In [2]:
import numpy as np
import matplotlib.pyplot as plt
import pandas as pd

In [3]:
data = pd.read_csv('./data/real1/snv-parse-real1.txt', sep='\t', dtype={'Chr': str})
data['Chr'] = data['Chr'].astype('str') 

In [4]:
truth = pd.read_csv('./real1/real1_truth.bed', sep='\t', header=None)

In [5]:
data = pd.read_csv('./data/real1/snv-parse-real1.txt', sep='\t', dtype={'Chr': str})

truth = pd.read_csv('./data/real1/real1_truth.bed', sep='\t', header=None, names=['Chr', 'START_POS_REF', 'END_POS_REF'])

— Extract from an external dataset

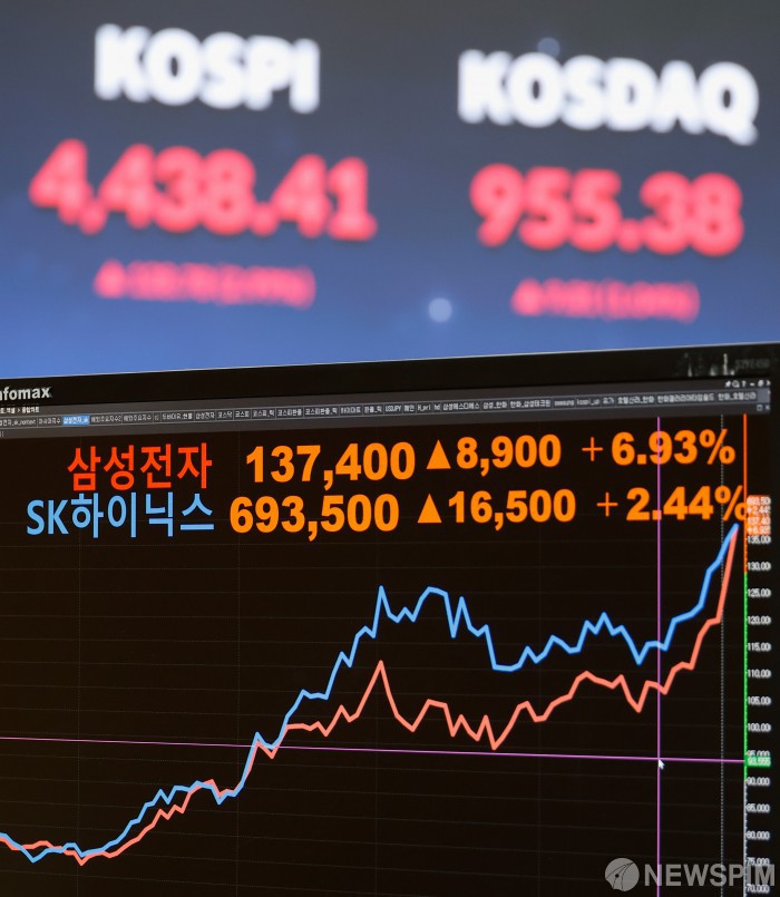 [서울=뉴스핌] 류기찬 기자 = 삼성전자와 SK하이닉스의 주가가 장중 신고가를 경신한 5일 오후 서울 여의도 한국거래소 서울사무소 홍보관에 지수가 표시되고 있다. 2026.01.05 ryuchan0925@newspim.com

#'Chr' is treated as string in both datasets
data['Chr'] = data['Chr'].astype(str)
truth['Chr'] = truth['Chr'].astype(str)

# Create a set of true SNV positions from the BED file
true_snv_set = set(zip(truth['Chr'], truth['START_POS_REF'], truth['END_POS_REF']))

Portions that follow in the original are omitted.